Sono passati 20 anni dalla scomparsa di Fabrizio De Andrè, 20 anni in cui il mondo ha subìto una delle sue trasformazioni più profonde. E chissà in che modo Faber avrebbe vissuto questo ventennio, chissà con quale occhio lo avrebbe guardato e con quali parole lo avrebbe raccontato. Probabilmente con il suo consueto riserbo, schivando i curiosi, sarebbe rimasto lì, ai margini della società, come i grandi che non hanno bisogno di ritagliarsi a tutti i costi uno spazio in prima fila. L’aveva scelto, quel posto nel mondo, per dare voce a tutti coloro che lì, ai margini, erano stati messi senza possibilità di appello né remissione: gli ultimi, i disperati, i diversi. Vagabondi, erranti, prostitute. Gli esclusi sono diventati con lui personaggi senza tempo, simboli di una rivoluzione che non deve imbracciare il fucile per essere ascoltata.
Fabrizio De André nasceva il 18 Febbraio 1940, il padre lo avrebbe voluto avvocato, ma lui amava la poesia. Non ebbe scelta, come lui stesso confessa: “Benedetto Croce diceva che fino a diciotto anni tutti scrivono poesie e che, da quest’età in poi, ci sono due categorie di persone che continuano a scrivere: i poeti e i cretini. Allora, io mi sono rifugiato prudentemente nella canzone che, in quanto forma d’arte mista, mi consente scappatoie non indifferenti, là dove manca l’esuberanza creativa.“
Inizia così la sua carriera di cantautore, e va da sé che fu un successo. Faber si distinse subito. Come pochi prima di lui, seppe introdurre la vera poesia nella canzone, sublimandola con una musica che accompagnava senza oscurare. Viveva a Genova, ma era un cosmopolita d’animo. Da Bob Dylan, a Leonard Cohen, passando per Edgar Lee Masters e Umberto Saba, seppe conoscere il mondo senza farsi cambiare da esso. Di ogni storia, anche quelle già viste, anche quelle sbagliate, seppe mostrare il suo punto di vista anarchico, antiborghese, anticonformista.

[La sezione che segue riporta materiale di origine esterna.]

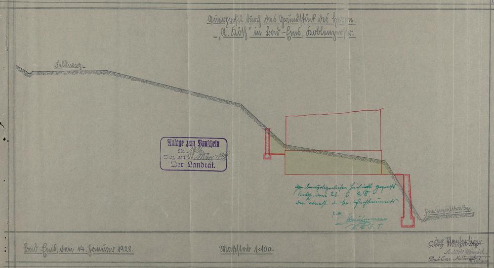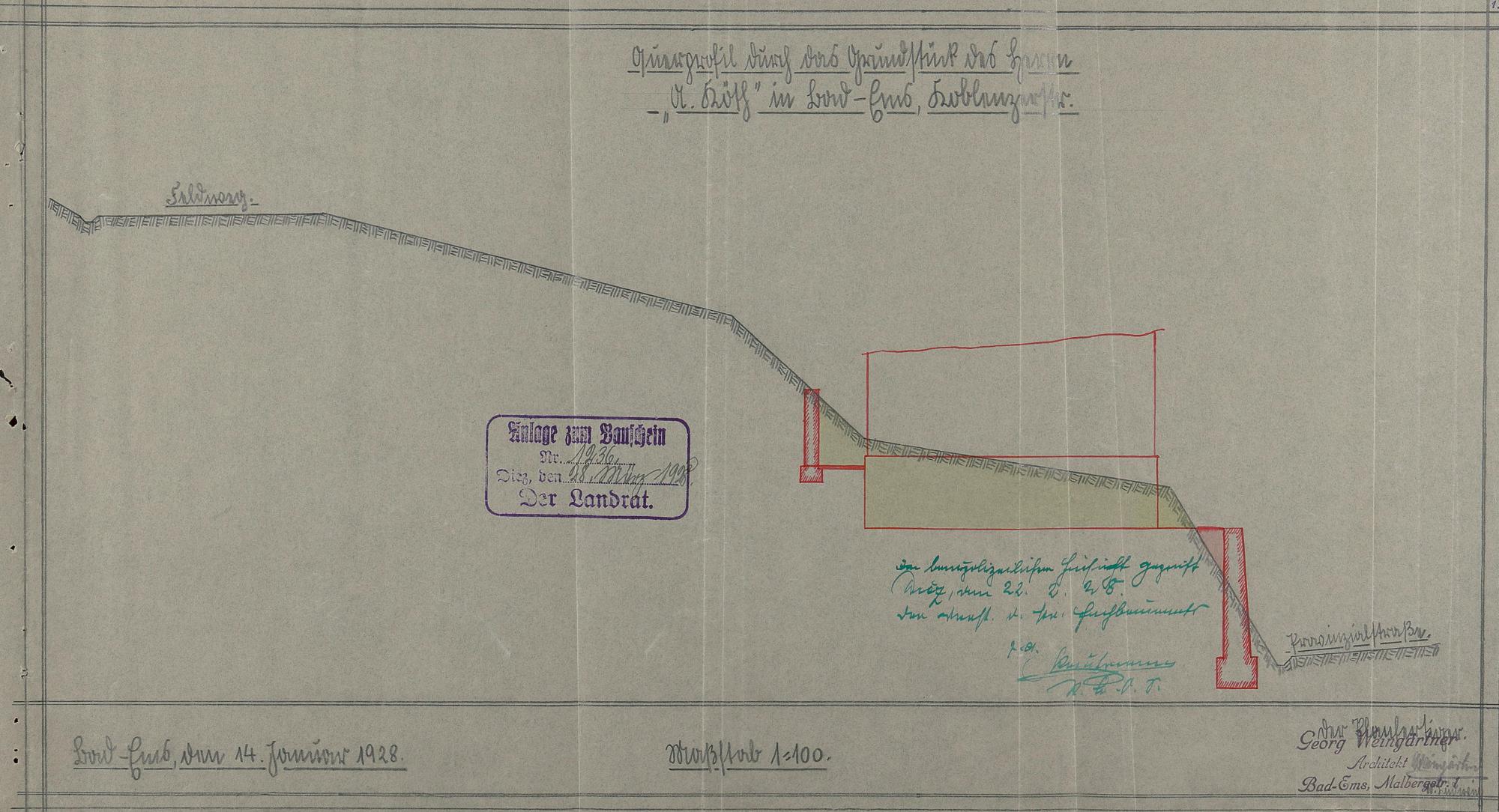 Stützmauer am Wohnhaus der Lina Köth Bad Ems Koblenzer Straße Nr. Flur 46 Nr. 176, 177 - Querprofil

E fu così che la morte di una prostituta divenne l’incantevole storia di Marinella, ed il gesto disperato di Michè una ballata, mentre il profondo male di vivere si rivelò nel “Cantico dei Drogati“, o in un Amico troppo fragile per i costumi di una società d’apparenza. Cantò l’amore, ed anche lì seppe elevarlo, fuggendo dalla retorica che lo riduce ad una rima baciata o ad un’assonanza simpatica. L’amore, l’attesa, gli incroci, il destino. La scelta e il coraggio. La fede. Definì Gesù di Nazareth “il più grande rivoluzionario di tutti i tempi“, senza addentrarsi in questioni religiose anche perché “se Dio non esistesse bisognerebbe inventarlo. Esattamente ciò che ha fatto l’uomo da quando ha messo i piedi sulla terra” . Ed anche questo suo pensiero divenne poesia, una Buona Novella.
S’innamorò della Sardegna, dove visse per un periodo. Il suo viaggio conobbe il sequestro insieme alla moglie, ma fu in grado di trasformare anche quello. “Passerà anche questa stazione senza far male, passerà questa pioggia sottile come passa il dolore”. Ogni avvenimento diventava uno stimolo di riflessione, un punto interrogativo dal quale trarre una morale, una possibilità di snaturare le verità del mondo per rivelarne altre, celate, ma forse più reali. La sua interpretazione rivelava una profonda pietas latina, le sue storie una dignità e probabilmente un’inconsapevole volontà di riscatto.
Faber è scomparso l’11 Gennaio 1999, ed in molti ci chiediamo come sarebbe stato oggi il suo sguardo su questo mondo così veloce, connesso e talvolta superficiale. Forse ne sarebbe nata una nuova “Canzone di Maggio”, o un nuovo “Valzer dell’amore cieco”, ma chissà, molto probabilmente avrebbe ancora una volta stupito tutti con un’interpretazione nuova, diversa e avanguardista. Come il suo spirito e le sue canzoni, che pur di un’altra epoca, rimangono eterne. Ci manchi Faber.